Stock option backdating is not illegal. Improper identification and disclosure of grants, however, can violate accounting rules, SEC rules, and IRS rules.
Why is stock option backdating a tax issue? When a company backdates an incentive stock option (ISO) award, it assigns a “grant date” that is earlier than the actual grant date. The option is backdated to give it a lower exercise price, thereby making the option immediately valuable. That renders the incentive purpose of the option moot and violates IRS rules. Properly reported, an “in-the-money” option should be treated as a non- qualified option (NQO) and reported as wages with full federal state, local and payroll tax liabilities accounted for.
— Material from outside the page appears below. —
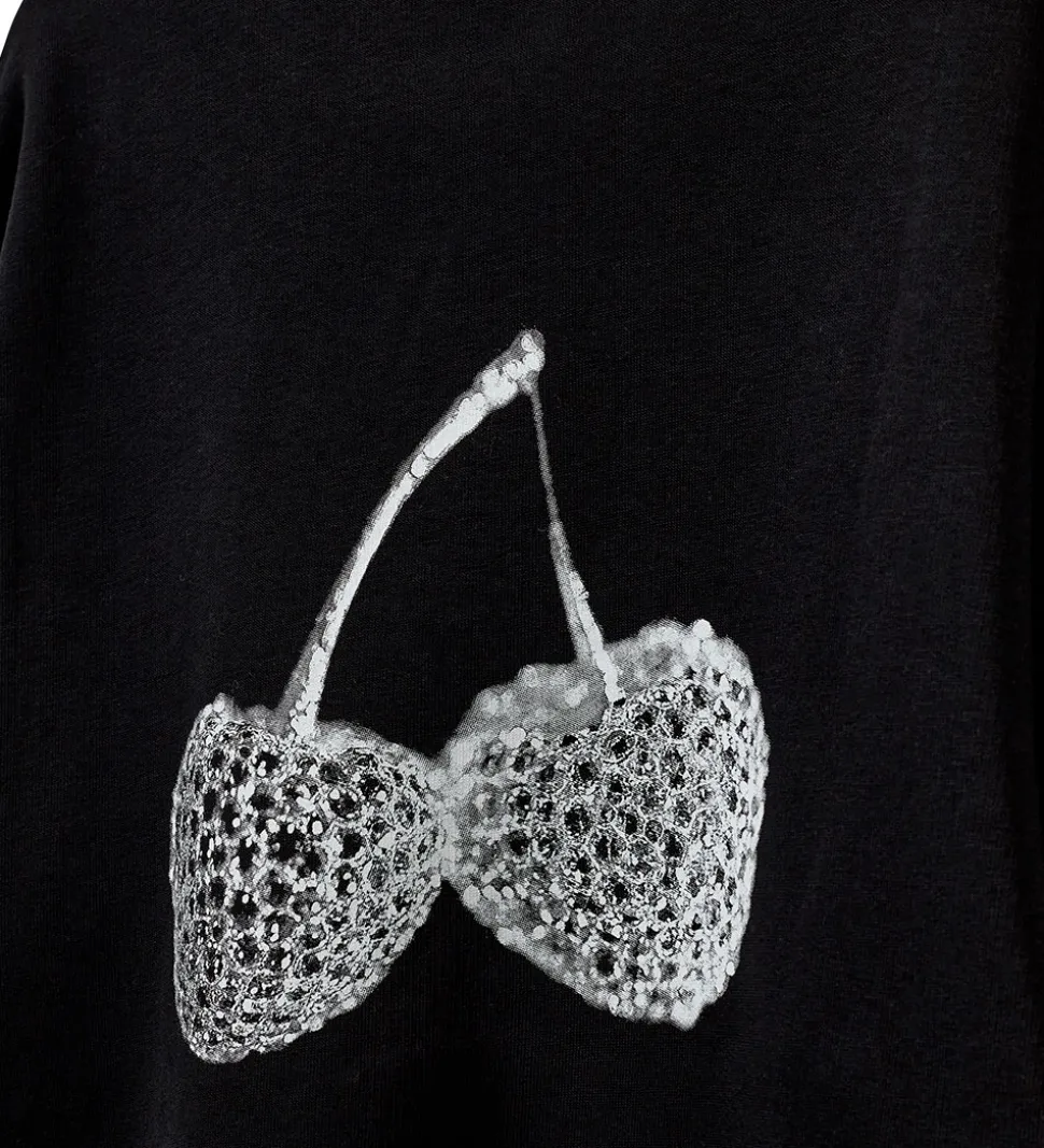 Stilfuld sweatshirt fra Sofie Schnoor i en dyb, sort farve. Sofie Schnoor sweatshirten har en rund halsudskæring og lange ærmer. På brystet præsenteres et subtilt tekstprint og et stort kirsebærprint på ryggen i hvid.

The company’s financial statements should recognize the cost of the grant as compensation expense.
The fifth and latest edition of the classic textbook, Taxes and Business Strategy, A Planning Approach, includes a compact primer on the tax issues surrounding the 2005-2007 stock option backdating controversy.
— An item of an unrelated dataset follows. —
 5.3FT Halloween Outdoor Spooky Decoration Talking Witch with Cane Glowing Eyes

Merle Erickson, a professor of accounting at Chicago Booth, joins Myron Scholes, Professor of Finance Emeritus at Stanford University, Nobel Prize winner, Chicago PhD, and former professor of finance at Booth from 1974 to 1983, and four more distinguished authors in a book that provide business professionals of all kinds with a general framework for thinking about taxes at the corporate and individual level.
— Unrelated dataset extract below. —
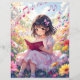 A sweet illustration of a little anime girl reading a book. She is surrounded by lovely nature with pink and purple flowers and musical notes floating above her. If your child likes anime, reading and music is perfect! Just stick it in a frame and you have adorable wall art for your daughter!

Erik Lie of the University of Iowa gets the credit for identifying, in a 2005 research paper, a systemic pattern by companies to assign a grant date that coincides with the lowest share price that month, thereby manipulating the option exercise price to immediately maximize the value of the option grant. Lie suggested that as many as 2000 companies may have backdated stock options. His paper prompted an investigation by the SEC, Department of Justice, IRS, and the audit regulator the Public Company Accounting Oversight Board (PCAOB).
Erickson and the authors explain that, per SFAS 123, an accounting standard, “in-the-money” stock options should have been disclosed, in the financial statement footnotes, as compensation expense. According to research firm Audit Analytics, the stock option backdating investigations resulted in 153 restatements of previously issued financial statements by companies during 2006 and 2007 because companies failed to properly disclose this compensation expense. The stock market reacted negatively to these restatements. This reaction provides, according to a study in 2009 by Gennaro Bernile and Gregg Jarrell, an estimate of the size of agency costs—unanticipated management opportunism arising from poorly governed companies.
Audit Analytics also says only 13 cases were filed against auditors for giving bad advice and only four auditor settlements exceeded one million dollars. Booth Professor Emeritus Roman Weil, and his co-author Jennifer Milliron, argue in a chapter of the Handbook of Litigation Services that the financial illiteracy of executives, lawyers, and auditors with regard to stock option accounting and disclosure rules during the period leading up to Lie’s discovery, while regrettable, is understandable. “The courts should not expect anyone to have followed ‘rules’ that the accounting profession failed to clarify.”
Weil and Milliron scoured the accounting guidance and literature on stock option accounting and auditing and found that for “as-of” grants—those granted with a date prior to the actual grant date—the accounting literature failed to clearly define the technical terms “date of grant” and “measurement date” until 2006. They defend senior executives from “charges of known or reckless behavior with respect to accounting issues” because executives, especially in the technology industry where the practice was prevalent, generally lacked focus on Generally Accepted Accounting Principles (GAAP) during the years when the practice was common. The ambiguity of the accounting rules didn't help.
But should we let auditors, in particular, off the hook so easily? Every Big Four audit firm made millions in additional consulting fees as forensic accounting investigators hired by law firms to investigate stock option backdating issues. In a recent blog post, venture capitalist Ben Horowitz says everyone knew auditors advised on and blessed the stock option backdating approaches that eventually resulted in civil and sometimes criminal penalties.
Some law firms, like McDermott Will & Emery, warned audit firms as early as in 2006 that claims against them were coming. “Often it is the auditing firms that provide advice concerning issuance of stock options and related tax ramifications. Moreover, auditors review and opine on the financial statements of public companies quarterly and annually.” McDermott advised auditors to steer clear of involvement in internal investigations of the backdating issues if the auditor played any part in designing, approving, or implementing the plans in question.
The Sarbanes-Oxley Act of 2002 changed the reporting requirements for stock option grants. Corporate insiders now have to report grants and exercises in two days rather than ten. If options are backdated by more than two days, it will appear as if the grants are being reported late. It’s now impossible to materially juice the value of the option grant through backdating without inviting suspicion. New backdating of grant dates, and exercise dates, has almost disappeared now that the window of opportunity has narrowed.